The story of Orson Welles is famously tragic: A wunderkind who made what many consider to be the greatest movie right out of the gate at 25, Citizen Kane, his career was then squandered through a variety of studio battles, so that he only wound up with a handful of masterpieces instead of the many he surely had in him. One of his later efforts, which he wrote, directed, and co-starred in, was 1958’s Touch Of Evil. The gritty late-era noir has Charlton Heston playing a Mexican drug-enforcement official at the U.S. border, and features Janet Leigh as Heston’s wife, a young Dennis Weaver, Marlene Dietrich as a madam, and Welles as corrupt sheriff Hank Quinlan. Welles was in his 40s by this time, and grossly obese, but his work behind the camera on Touch Of Evil (including the still-famous three-minute opening tracking shot) convinced him that the film could be his Hollywood comeback.
Instead, as was typical in Welles’ career, the director was fired in post-production.
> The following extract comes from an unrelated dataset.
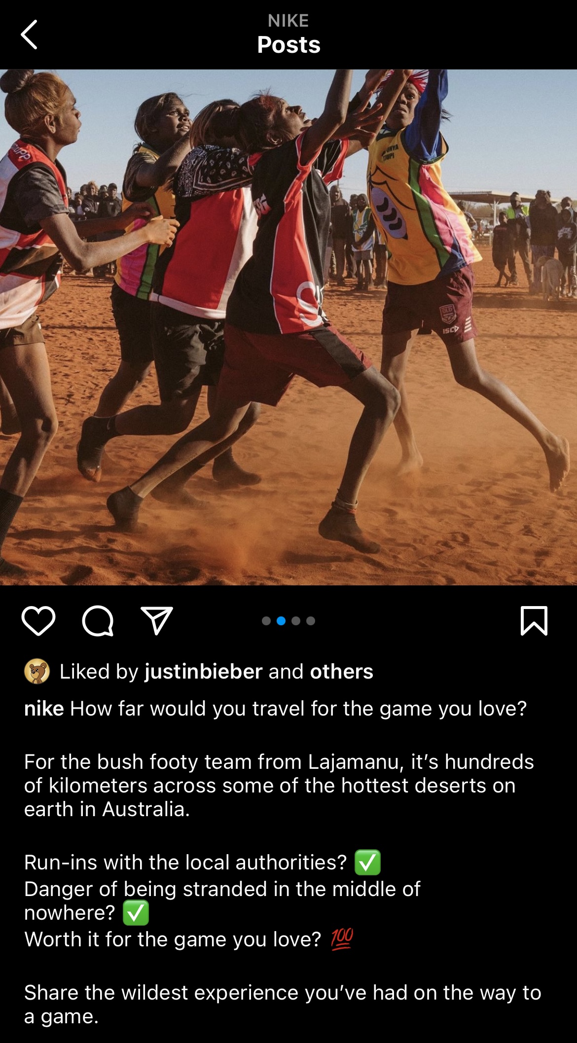 L'account @Nike, ad esempio, è bravo a creare una didascalia di narrazione significativa che apra anche la discussione per il loro pubblico nei commenti o li spinga a condividere nuovamente la storia sulle loro storie.

Studio officials were confused by the movie, but Welles protested their changes. Universal then re-edited the movie and even re-shot some scenes. Welles protested in a 58-page memo to Universal that was mostly ignored, and the movie was released as a B-picture, despite its all-star cast.
In 1998, film editor Walter Murch re-edited the movie according to Welles’ specifications, and this is where Rocket Jump Film School’s Behind The Edit picks up the story in an episode titled “The Orson Welles Memo.” The video granularly compares Welles’ preferred edit to the version that was released. It’s a bit of a master class in learning how much even slight edits can affect the way we view a film. Of course, that 1998 revision came out a little too late for Welles, who died in 1985. But his version of the film, as edited by Murch, received numerous awards. Touch Of Evil was added to the National Film Registry by the Library Of Congress in 1993.